With major publishers so far reticent to sanction a rental market for e-books, BookSwim.com, the New Jersey-based print-book rental company billed as “the Netflix of books,” told PW it plans to launch a new site called eBookToss.com, a virtual “e-book swap” that will facilitate the direct lending of e-books between consumers using the lending features enabled by platforms like the Kindle, and the Nook. “We’ve been talking to publishers about the concept of e-book rentals, but we don’t really know how possible that is,” BookSwim CEO George Burke told PW. “But, based on the announcement from Amazon in December [about enabling loans], we think we’ve found a model.” Burke said the site could go live as early as next week.
As envisioned, eBookToss.com will pool users to create an online list of lendable e-books and will facilitate free loans directly between users, entirely contingent on features enabled by e-book providers. BookSwim is not the first to come up with the concept—a Web site called ebooklendinglibrary.com has been quietly operating a forum and a bulletin board to facilitate e-book loans between consumers, but it not very sophisticated and has generated only light traffic thus far. “[Ebooklendinlilbrary.com] is trying to retrofit a message board into a swapping community,” Burke observed, noting inherent scalability issues with the model, such as posts getting buried quickly, if the site were to take off. BookSwim’s eBookToss.com would be different—more like physical book swap sites BookMooch.com or Paperbackswap.com—attracting a critical mass of users to make books available, with BookSwim acting as a middleman, Burke explained, “to effectively connect lenders and borrowers, and ensure the transaction.”
The technology and user interface may be the least of the challenges facing BookSwim. E-book lending so far is hampered by highly restrictive terms on both the Kindle and the Nook. For example, books first must be eligible to be lent—in other words, the agreement with publishers must permit lending, and for popular titles, publishers frequently disable the feature. In addition, Kindle and Nook books can be loaned only once, and only for a period of 14 days.

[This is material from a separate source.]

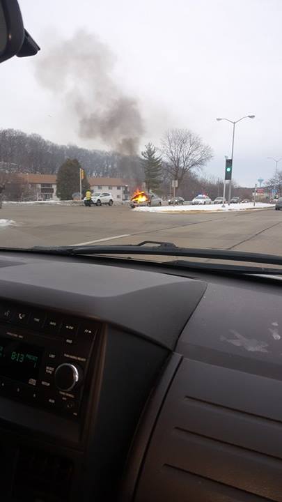 Dec. 23, 2016 – West Bend, WI – A tough way to begin a Friday morning as a motorist’s car starts on fire on Highway 33 just east of the Highway 45 on ramp. Photos courtesy Michelle Studzinski and Jack Neigbauer

E-book lending is becoming one of the more vexing issue facing publishers, consumers, libraries and readers in the digital age, as comsumers mostly don't own the e-books they buy, but simply own access to them. Burke said he doesn't expect eBookToss.com to be a big moneymaker, but expects to make money in a few ways, inlcuding perhaps selling ebooks via affiliate links. But, he hopes, if the site becomes popular it will influence publishers as well as platform providers like Amazon, B&N, and Google, to allow more flexibility in how their books are lent, and eventually, perhaps, rented. "When publishers see that this is super popular, and hopefully it will be, then we can show that people want to rent these books,that they are willing to pay something to read them."